Qatar’s energy minister Mohammed al-Sada said that global majors are lining up to back Qatar’s push to expand its LNG production capacity to 100 million tons per year, from 77 million currently.
Speaking to Reuters, al-Sada noted that the interest shown by global majors came as a surprise and besides Qatar’s partners ExxonMobil, Shell and Total new names have expressed interest.
As a result of the pressure from Saudi Arabia and UAE, Qatar turned towards expanding its LNG export capacity instead of piping gas to the two neighbors.
Liquefied natural gas enables the world’s largest producer to reach any market and the merger of its two LNG producers Qatargas and RasGas will allow it to cut costs and increase competitiveness.
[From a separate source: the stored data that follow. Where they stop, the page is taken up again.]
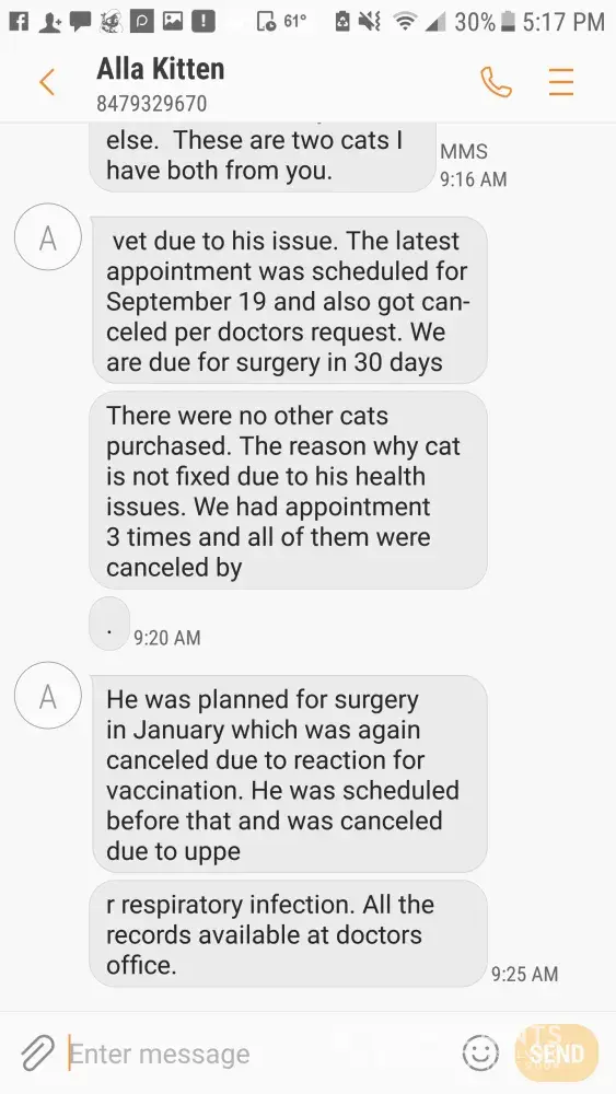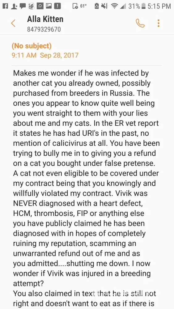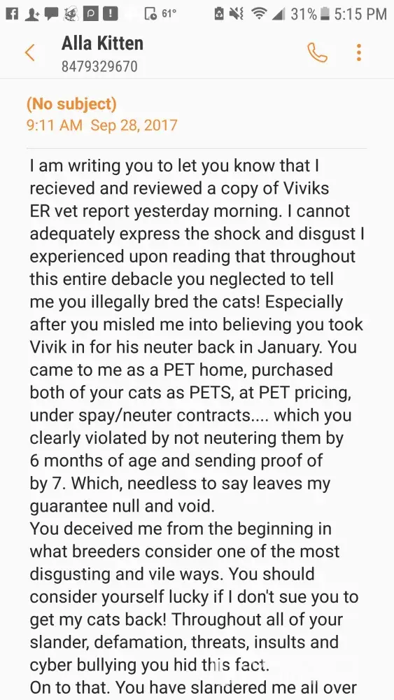 I feel like I’ve made my point here. I’ve pointed out your lack of diagnoses to your “claims” and I’ve also pointed out that your complaints and demands are about things that are not covered on the contracts you signed on your kittens you’ve purchased. The information Anastasia has speaks for itself. She has all the communications with the 3 of you that show she has upheld every aspect of her end of her contract and guarantee. You don’t get to buy a kitten, sign a contract agreeing to terms then try to change those terms after...such as demanding to keep a kitten and receive a refund...demanding a breeder to pay for tests and an illness that isn’t covered in the guarantee...not spaying/neutering the cats you recieve and then expecting your contract to be honored when you clearly didn’t honor your end of it. The amount of entitlement you threw women have is disgusting. Take responsibility for your actions, decisions, purchases and actually READ the extent of the contracts you signed. The breeder has completely upheld her end...I cannot say the same for you. This thread actually is a good warning...a warning to other breeders not to deal with you and other buyers like you. I feel extremely sorry for Anastasia and the harassment and bullying and irrational demands you have put through. YOU all should be ashamed of yourselves!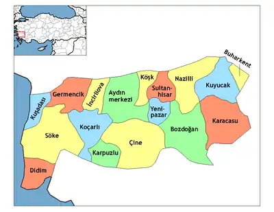 Ил Айдын состоит из 17 районов (ильче, тур. ilçe):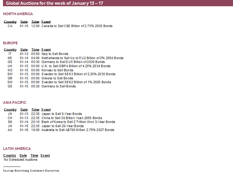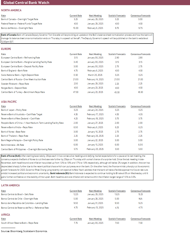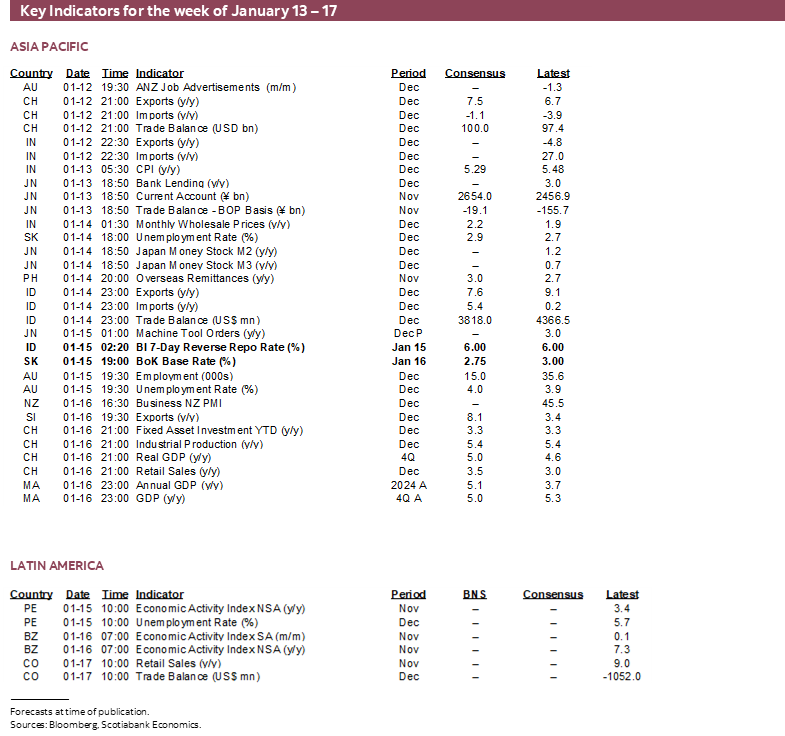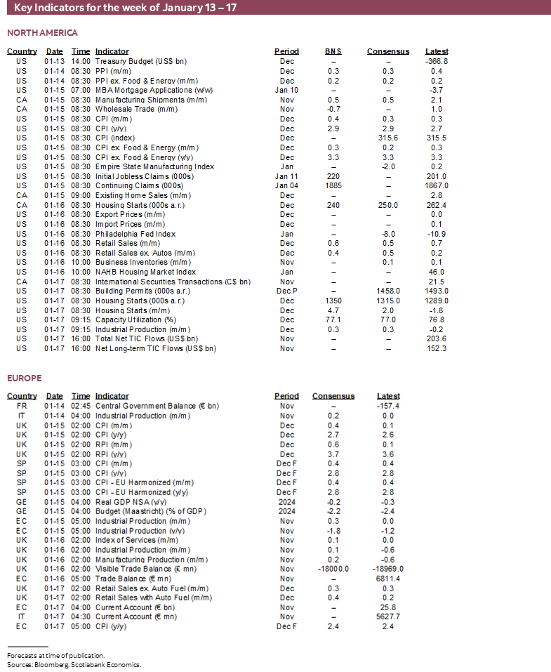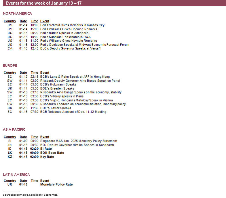 Markets will probably digest a fair number of off-calendar tape bombs this week if the first full week of the new year was any indication of what to expect. It’s the last full week before President-elect Trump’s inauguration on January 20th and the likelihood that he acts fast to deliver executive orders on numerous policy matters possibly including tariffs. It’s also a period of relative calm for decisions by major central banks until they whir to action again into month-end.

Investment in natural gas is not the only investment target as Qatar is interested in tight or shale oil. However, exports of LNG from the United States are a target as the company is looking to repurpose the Golden Pass LNG import terminal into an export facility.
Commenting on the gas glut al-Sada noted that despite increasing exports from the United States and Russia the supply surplus could last the next four or five years, but the rise in demand could tighten the market again beyond 2024-2025, which is why the country made the decision to expand its LNG production capacity now.